** The input **
┏━━
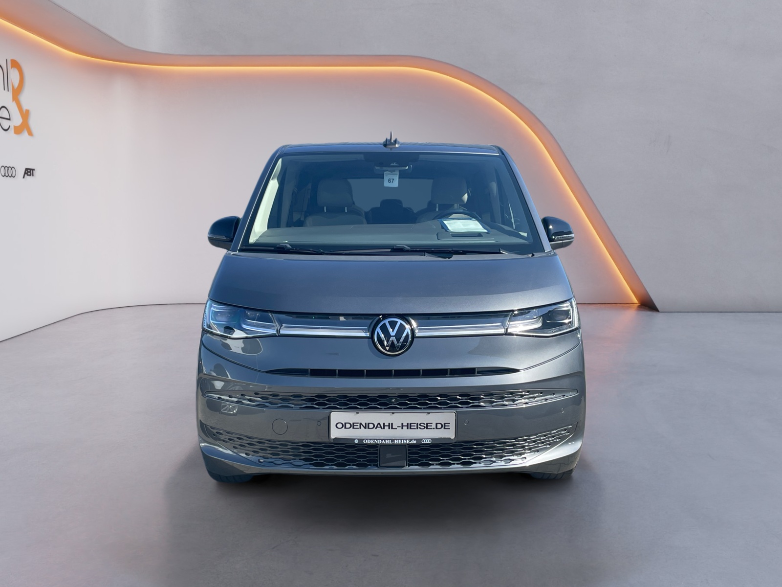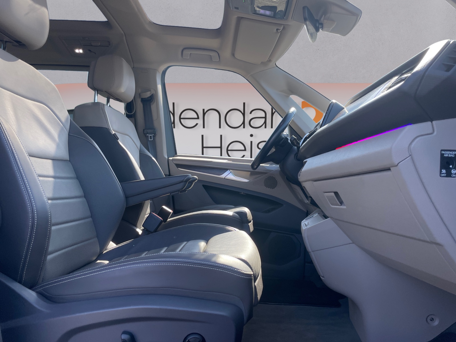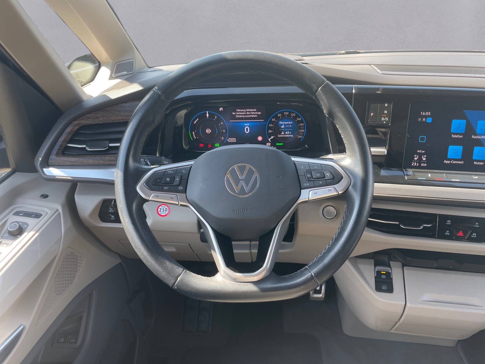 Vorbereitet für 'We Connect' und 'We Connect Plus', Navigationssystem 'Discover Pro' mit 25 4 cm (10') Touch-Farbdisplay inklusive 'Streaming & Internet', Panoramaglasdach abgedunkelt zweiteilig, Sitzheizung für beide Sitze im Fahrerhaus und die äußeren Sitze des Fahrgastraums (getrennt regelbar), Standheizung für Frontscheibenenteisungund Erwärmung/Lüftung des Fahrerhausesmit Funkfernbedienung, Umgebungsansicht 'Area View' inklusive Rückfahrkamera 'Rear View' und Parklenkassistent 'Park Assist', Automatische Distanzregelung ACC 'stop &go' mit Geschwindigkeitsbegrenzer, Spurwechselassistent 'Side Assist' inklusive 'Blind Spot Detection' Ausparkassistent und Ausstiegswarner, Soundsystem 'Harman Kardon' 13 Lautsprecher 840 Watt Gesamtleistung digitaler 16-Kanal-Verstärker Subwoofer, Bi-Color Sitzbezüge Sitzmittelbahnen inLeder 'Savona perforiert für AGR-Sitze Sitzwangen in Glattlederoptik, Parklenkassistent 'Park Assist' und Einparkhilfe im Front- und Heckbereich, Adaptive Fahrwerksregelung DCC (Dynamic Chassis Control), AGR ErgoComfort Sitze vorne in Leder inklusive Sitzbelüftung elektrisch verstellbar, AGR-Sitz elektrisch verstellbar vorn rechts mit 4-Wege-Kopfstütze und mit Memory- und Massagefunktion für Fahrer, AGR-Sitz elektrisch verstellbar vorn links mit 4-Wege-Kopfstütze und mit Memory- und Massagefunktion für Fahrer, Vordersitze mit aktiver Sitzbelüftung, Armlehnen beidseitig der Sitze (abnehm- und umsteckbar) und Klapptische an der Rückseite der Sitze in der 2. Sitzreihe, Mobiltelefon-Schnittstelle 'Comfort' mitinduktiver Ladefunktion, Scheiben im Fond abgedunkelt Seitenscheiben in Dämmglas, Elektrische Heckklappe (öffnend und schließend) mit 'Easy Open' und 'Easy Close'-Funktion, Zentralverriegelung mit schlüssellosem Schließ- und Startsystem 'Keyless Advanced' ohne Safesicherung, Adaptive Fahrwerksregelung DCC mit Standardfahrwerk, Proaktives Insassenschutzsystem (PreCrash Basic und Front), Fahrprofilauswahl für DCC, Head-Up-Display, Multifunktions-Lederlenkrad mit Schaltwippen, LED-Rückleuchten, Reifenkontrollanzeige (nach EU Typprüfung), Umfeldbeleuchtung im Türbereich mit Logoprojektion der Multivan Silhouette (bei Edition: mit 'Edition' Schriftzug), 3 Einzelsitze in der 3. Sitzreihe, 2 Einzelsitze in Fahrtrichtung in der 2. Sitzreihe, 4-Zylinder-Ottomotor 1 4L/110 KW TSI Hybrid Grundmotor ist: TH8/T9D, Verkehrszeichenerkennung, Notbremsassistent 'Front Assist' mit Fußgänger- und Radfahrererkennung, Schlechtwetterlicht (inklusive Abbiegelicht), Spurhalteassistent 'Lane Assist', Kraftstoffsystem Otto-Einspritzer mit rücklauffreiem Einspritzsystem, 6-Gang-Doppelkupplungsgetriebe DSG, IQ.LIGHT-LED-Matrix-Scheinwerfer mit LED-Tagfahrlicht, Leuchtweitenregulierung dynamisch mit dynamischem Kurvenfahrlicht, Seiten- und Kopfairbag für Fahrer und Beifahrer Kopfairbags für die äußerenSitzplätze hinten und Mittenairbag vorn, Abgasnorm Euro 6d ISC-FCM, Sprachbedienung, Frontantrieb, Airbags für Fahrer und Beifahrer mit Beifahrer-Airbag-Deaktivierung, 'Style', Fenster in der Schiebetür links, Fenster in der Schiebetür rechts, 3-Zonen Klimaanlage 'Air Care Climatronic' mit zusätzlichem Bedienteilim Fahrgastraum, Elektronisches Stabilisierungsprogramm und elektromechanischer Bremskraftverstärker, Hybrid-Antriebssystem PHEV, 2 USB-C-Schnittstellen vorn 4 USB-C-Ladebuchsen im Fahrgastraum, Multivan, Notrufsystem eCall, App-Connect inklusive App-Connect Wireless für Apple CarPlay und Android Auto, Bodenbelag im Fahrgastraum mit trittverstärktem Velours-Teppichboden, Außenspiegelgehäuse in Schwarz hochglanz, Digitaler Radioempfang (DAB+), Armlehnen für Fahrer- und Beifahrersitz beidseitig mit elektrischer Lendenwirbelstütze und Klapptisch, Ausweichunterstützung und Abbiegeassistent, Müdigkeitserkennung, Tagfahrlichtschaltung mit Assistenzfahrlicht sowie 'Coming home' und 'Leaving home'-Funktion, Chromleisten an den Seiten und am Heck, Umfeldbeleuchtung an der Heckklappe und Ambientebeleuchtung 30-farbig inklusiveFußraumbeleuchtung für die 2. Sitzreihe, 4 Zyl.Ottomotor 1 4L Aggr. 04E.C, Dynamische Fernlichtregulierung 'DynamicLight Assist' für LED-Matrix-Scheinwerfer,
┗━━
┏━━
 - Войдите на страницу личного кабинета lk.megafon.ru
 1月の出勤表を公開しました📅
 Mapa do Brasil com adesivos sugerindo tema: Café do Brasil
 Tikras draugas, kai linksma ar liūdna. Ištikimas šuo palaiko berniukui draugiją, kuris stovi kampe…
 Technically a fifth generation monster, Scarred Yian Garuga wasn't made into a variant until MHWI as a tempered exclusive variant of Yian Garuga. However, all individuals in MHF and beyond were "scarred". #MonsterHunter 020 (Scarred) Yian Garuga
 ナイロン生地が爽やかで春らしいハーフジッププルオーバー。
┗━━
** Instructions for the task **
What you give back must be the stretch above, starting at the line with "Tikras draugas, kai" and ending at the line with "ナイロン生地が爽やかで春らしいハーフジッププルオーバー。", copied exactly.

** Solved problem **
 Tikras draugas, kai linksma ar liūdna. Ištikimas šuo palaiko berniukui draugiją, kuris stovi kampe…
 Technically a fifth generation monster, Scarred Yian Garuga wasn't made into a variant until MHWI as a tempered exclusive variant of Yian Garuga. However, all individuals in MHF and beyond were "scarred". #MonsterHunter 020 (Scarred) Yian Garuga
 ナイロン生地が爽やかで春らしいハーフジッププルオーバー。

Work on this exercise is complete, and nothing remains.